The Info Sec community loves audits, especially when it deals with cryptography.

That’s because one of the most difficult challenges in building secure systems is ensuring your code is working properly. Bugs and unexpected behaviors can cripple whatever security goals you have, and independent audits helps ensure that any mistakes you may have made are found.

The SSL/TLS community is very familiar with the problems that bad code can cause. This week’s Ticketbleed bug is the latest example.

As a bit of good news, Cloudflare announced that their TLS 1.3 implementation has been audited by the NCC Group, a well-known company that provides auditing and consulting to cyber-security companies.

The Cloudflare TLS 1.3 implementation is built on top of the Go standard library “crypto/tls”. Go is a newer programming language created by Google that has been well-received as a safer alternative to C.
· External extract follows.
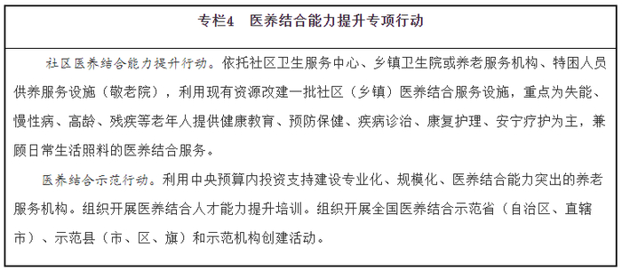 增加医养结合服务供给。实施社区医养结合能力提升行动。积极开展基本公共卫生服务老年健康与医养结合服务项目。支持优抚医院、光荣院转型,开展医养结合服务。推动社区卫生服务中心与社区养老服务机构、乡镇卫生院与特困人员供养服务设施(敬老院)、村卫生室与农村幸福院毗邻建设,采取多种有效方式实现资源整合、服务衔接。

TLS 1.3 will be a significant milestone for the industry and represents the first new protocol version in nearly a decade. It involves significant changes from TLS 1.2 and will involve wide-spread deployment of new cryptographic methods. Combine that with Cloudflare’s scale, and the relative youth of Go, and you can see why it would be important to make sure everything is working smoothly.

NCC Groups’s Cryptography Services gave Cloudflare’s implementation a good review, writing “[our] team found a small number of issues during the review—all of which were promptly fixed—and was pleased with the quality of the code.”